Linear model of machine learning is the simplest, most basic model results, are often used in classification, regression and other learning tasks.

Regression and classification differences:

- Regression: prediction value is a continuous real number;
- Category: predictive value of discrete categories of data.

1. Linear regression model to do the task ---- linear regression method, common loss is a function of the mean square error, the goal is to minimize the loss function. The following is a mean square error expression:

Then based **method to solve the model least square method referred to as the mean square error.**

Least squares idea: Looking for a super plane so that the training data set for all sample points to Hyperplane distance and minimum.

## to sum up:

Shortcomings and improvement: is the use of ultra-linear regression plane to fit all the training data, but if the data is not linear distribution relationship, the results obtained are less linear model fit (ps: when you owe fit enough features to learn ). If the problem of poor fitting of two ways:

The first method: dig more features, such as combinations between different features, but doing so would make the model more complicated, but also a good feature selection is not a simple matter;

The second method: by modifying the linear regression, the method of this time there is a "locally weighted linear regression (LWR of)", which allows us to add new features without the premise, was obtained similar results.

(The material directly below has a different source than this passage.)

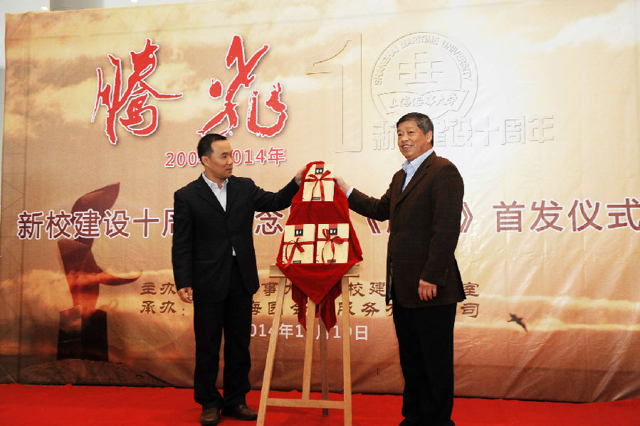 肖宝家副校长和王海威副校长一同为《腾飞》揭幕,李员根主编向图书馆捐赠《腾飞》。王海威副校长致辞感谢新校建设者们为临港校区建设付出的智慧与汗水。肖宝家副校长宣布新校建设十周年纪念展开幕。

The method is simply modified loss function:

However, LWR also inadequate. The biggest drawback is the space overhead is relatively large, the linear regression model, the optimal solution when the trained parameters, you can get the new data to predict the output, but the LWR parameters in addition to retaining the optimal solution, but also retain all of training data, in order to obtain training data for each new data corresponding to the weight value.

2. The linear model to classify learning ---- Logistics Regression: The basic idea is to construct a rational hyperplane in space, the space is divided into two sub-regional control, each category in the plane of one side.

该算法一般采用的是Sigmoid函数：它可以将输入数据压缩到0到1的范围内，得到的结果不是二值输出，而是一个概率值，通过这个数值，可以查看输入数据分别属于0类或属于1类的概率。

特别地，以上两种线性模型，都是广义线性模型的特殊形式。